Acte de vente : quelles responsabilités du notaire?

Je viens de vendre un terrain en friche, de 2500 m2 , j'avais donné au notaire comme prix, 1600 euros ha. Le jour de la vente, il nous a demandé 2500 euros, étonnée, je lui ai signalé, que ce n'était pas le prix convenu. Il a affirmé que j'étais à l' origine de ce prix, alors que c'est faux. L'acheteur a réglé le montant, j'ai remboursé, à celui-ci le montant de 2000 EUROS. Je suis écoeurée par l'attitude de ce notaire. Que puis-je faire?

Réponse de l'expert

Le contrat de vente n’est formé que s’il y a accord des parties sur la chose et sur le prix (articles 1583 et 1589 du code civil).

La vente d’un immeuble est matérialisée par la signature du contrat de vente, lequel est soumis aux formalités de publicité foncière et réalisé par voie authentique (rédigé par notaire).

De manière générale, le notaire a une obligation d’information et de conseil à l’égard de ses clients (arrêt de la 1ère chambre civile de la Cour de cassation du 12 décembre 1995).
Sur ce fondement, le notaire a notamment l’obligation, dans les transactions immobilières, d'en assurer la sécurité juridique (arrêt de la 3ème chambre civile de la Cour de cassation du 21 février 2001).

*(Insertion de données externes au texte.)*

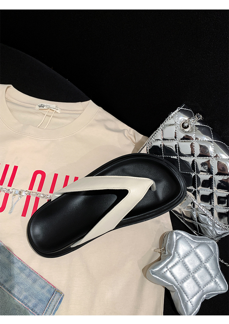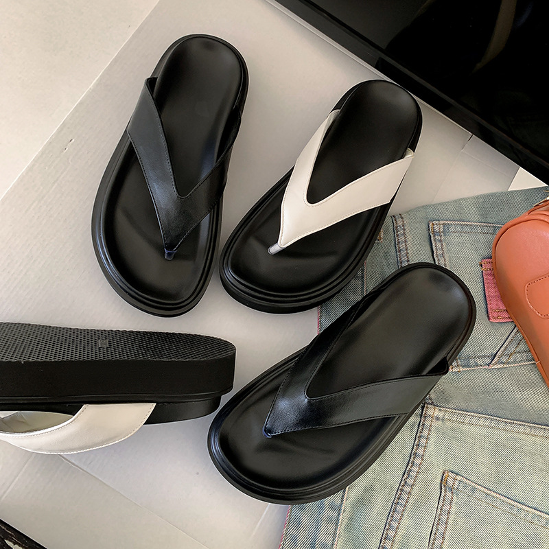 2024 여름 새로운 캐주얼 다목적 라운드 발가락 두꺼운 밑창 간단한 플립 플롭 여성 여름 겉옷

Avant le contrat de vente, lors de sa rédaction et de sa signature, et après celle-ci, il effectue différentes démarches pour garantir au vendeur comme à l'acheteur la meilleure sécurité juridique.

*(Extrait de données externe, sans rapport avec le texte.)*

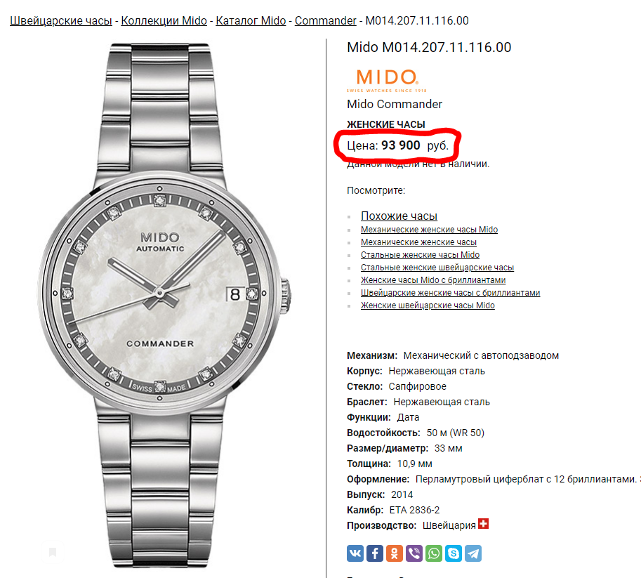 Калибр: ETA 2836-2 (Запас хода 40 часов)

Le notaire rédige l'acte de vente en veillant à l'équilibre de la convention dans laquelle il engage sa propre responsabilité en signant aux côtés du vendeur et de l'acheteur et en apposant son sceau.

Lors de la signature, il s'assure de leur consentement, à la fois en lisant, et en vérifiant que chacune des parties connaît et comprend la portée de chacun des engagements pris.

La responsabilité du notaire peut être engagée en cas de manquement à son obligation d’information et de conseil ayant causé un préjudice direct à son client, sur le fondement de l’article 1382 du code civil.

En principe, il appartient au demandeur de rapporter la preuve de la faute, du dommage et du lien de causalité entre les deux.
Toutefois, la Cour de cassation a précisé au niveau de la preuve de la faute qu’il appartenait au notaire tenu à une obligation d’information et de conseil de rapporter la preuve qu’il l’avait remplie (arrêt de la 1ère chambre civile de la Cour de cassation du 3 février 1998).
 

Avant toute action en justice, une démarche amiable peut être faite auprès du notaire, par courrier recommandé avec demande d’accusé réception, puis par la saisine de la chambre départementale des notaires. En cas d’échec de ces procédures, il sera possible d’engager des poursuites devant les autorités judiciaires compétentes.

L’action est portée devant le juge de proximité pour les litiges jusqu’à 4 000 euros ; devant le tribunal d’instance jusqu’à 10 000 euros et devant le tribunal de grande instance au-delà de cette somme. L’avocat est obligatoire devant cette dernière juridiction.

De plus, il convient de préciser que lorsqu’un acte notarié est entaché d’une erreur, celui-ci peut être rectifié par un autre acte authentique rectificatif, sans revenir sur l’intégralité de la convention.

S'il intervient à la suite d'une erreur dont le notaire est reconnu responsable, les frais de l'acte rectificatif demeurent à la charge de ce dernier, tenu de réparer l'omission commise.